> WHAT YOU WILL DO
Print nothing beyond the line with "тысяч тонн шрота.": every line from the beginning of the data up to it, that line included, and no pictures.

> PROVIDED DATA
━━━━━━━━━━━━━━━━━━━━━━━━━━━━━━

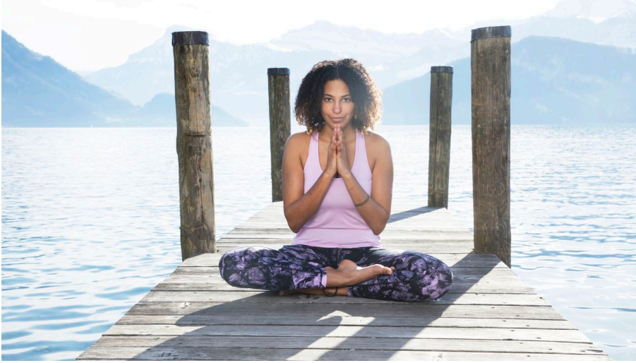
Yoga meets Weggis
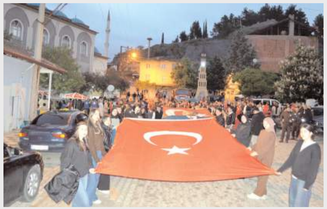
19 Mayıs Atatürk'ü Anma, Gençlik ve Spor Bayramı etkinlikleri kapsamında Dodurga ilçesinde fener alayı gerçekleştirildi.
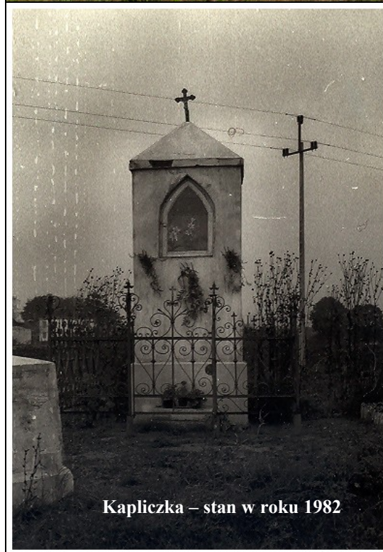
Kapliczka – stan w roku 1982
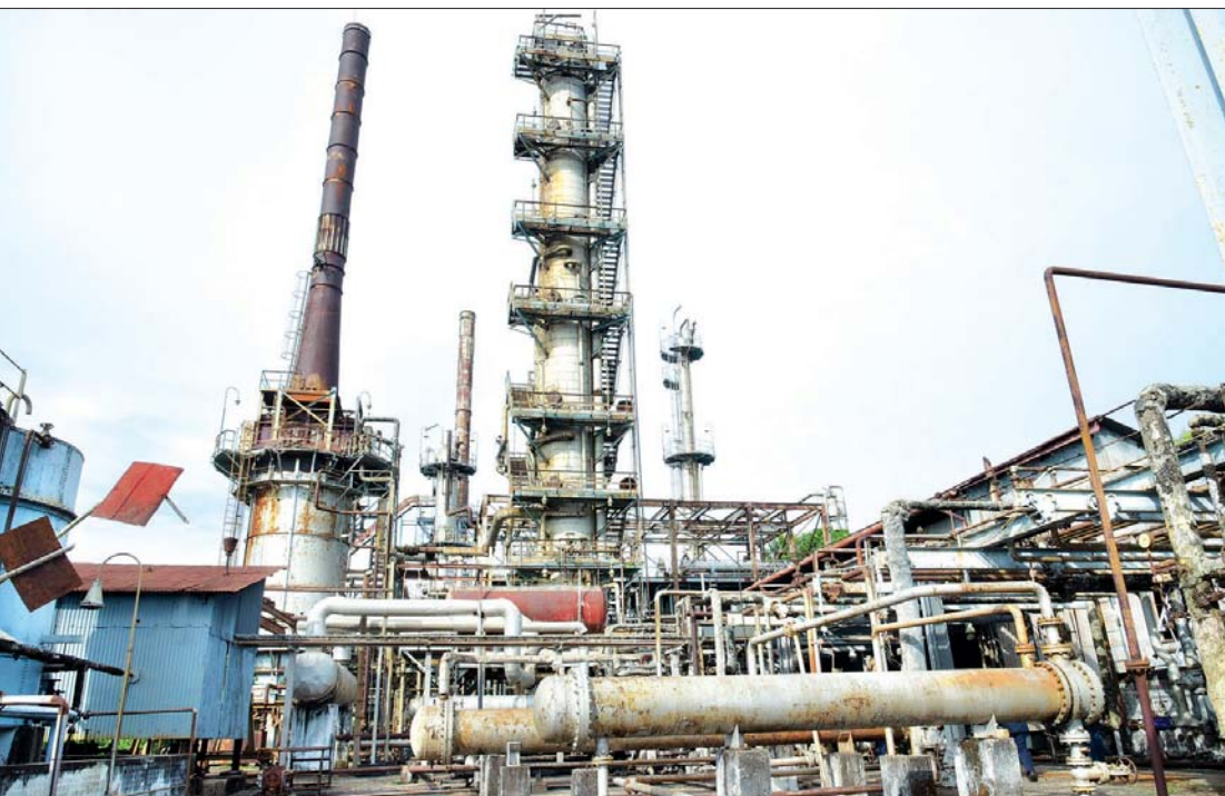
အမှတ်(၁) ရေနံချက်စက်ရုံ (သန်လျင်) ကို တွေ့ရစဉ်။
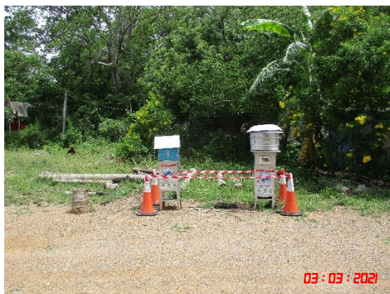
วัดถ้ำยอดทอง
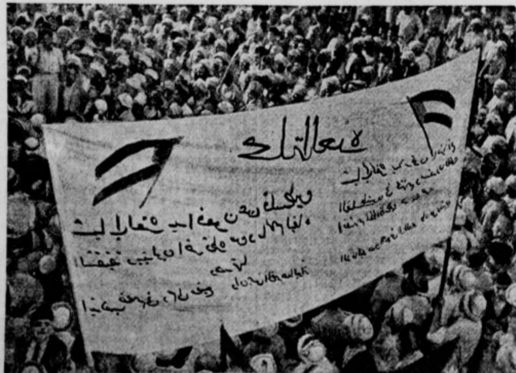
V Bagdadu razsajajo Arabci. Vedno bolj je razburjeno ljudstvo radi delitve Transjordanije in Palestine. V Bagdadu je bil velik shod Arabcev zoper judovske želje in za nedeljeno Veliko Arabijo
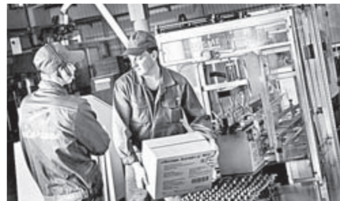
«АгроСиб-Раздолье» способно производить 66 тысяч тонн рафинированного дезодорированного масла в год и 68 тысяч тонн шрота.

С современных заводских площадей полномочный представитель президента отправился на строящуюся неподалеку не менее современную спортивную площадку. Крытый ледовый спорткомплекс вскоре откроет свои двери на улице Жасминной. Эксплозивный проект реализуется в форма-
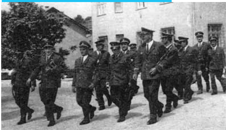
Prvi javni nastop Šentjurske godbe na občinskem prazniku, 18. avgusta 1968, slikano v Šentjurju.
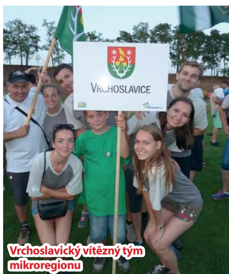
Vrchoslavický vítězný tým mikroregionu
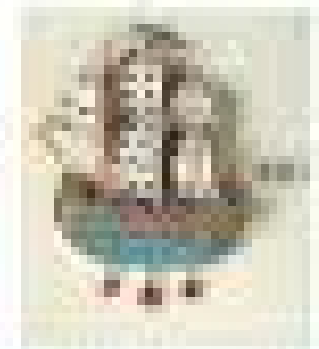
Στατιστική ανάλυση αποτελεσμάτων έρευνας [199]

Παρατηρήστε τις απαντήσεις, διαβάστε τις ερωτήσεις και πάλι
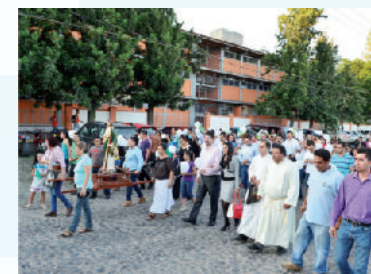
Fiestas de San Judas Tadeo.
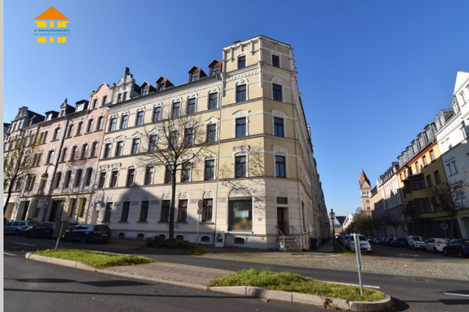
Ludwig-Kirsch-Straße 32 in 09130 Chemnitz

━━━━━━━━━━━━━━━━━━━━━━━━━━━━━━

> RESULT OF THIS TASK
Yoga meets Weggis
19 Mayıs Atatürk'ü Anma, Gençlik ve Spor Bayramı etkinlikleri kapsamında Dodurga ilçesinde fener alayı gerçekleştirildi.
Kapliczka – stan w roku 1982
အမှတ်(၁) ရေနံချက်စက်ရုံ (သန်လျင်) ကို တွေ့ရစဉ်။
วัดถ้ำยอดทอง
V Bagdadu razsajajo Arabci. Vedno bolj je razburjeno ljudstvo radi delitve Transjordanije in Palestine. V Bagdadu je bil velik shod Arabcev zoper judovske želje in za nedeljeno Veliko Arabijo
«АгроСиб-Раздолье» способно производить 66 тысяч тонн рафинированного дезодорированного масла в год и 68 тысяч тонн шрота.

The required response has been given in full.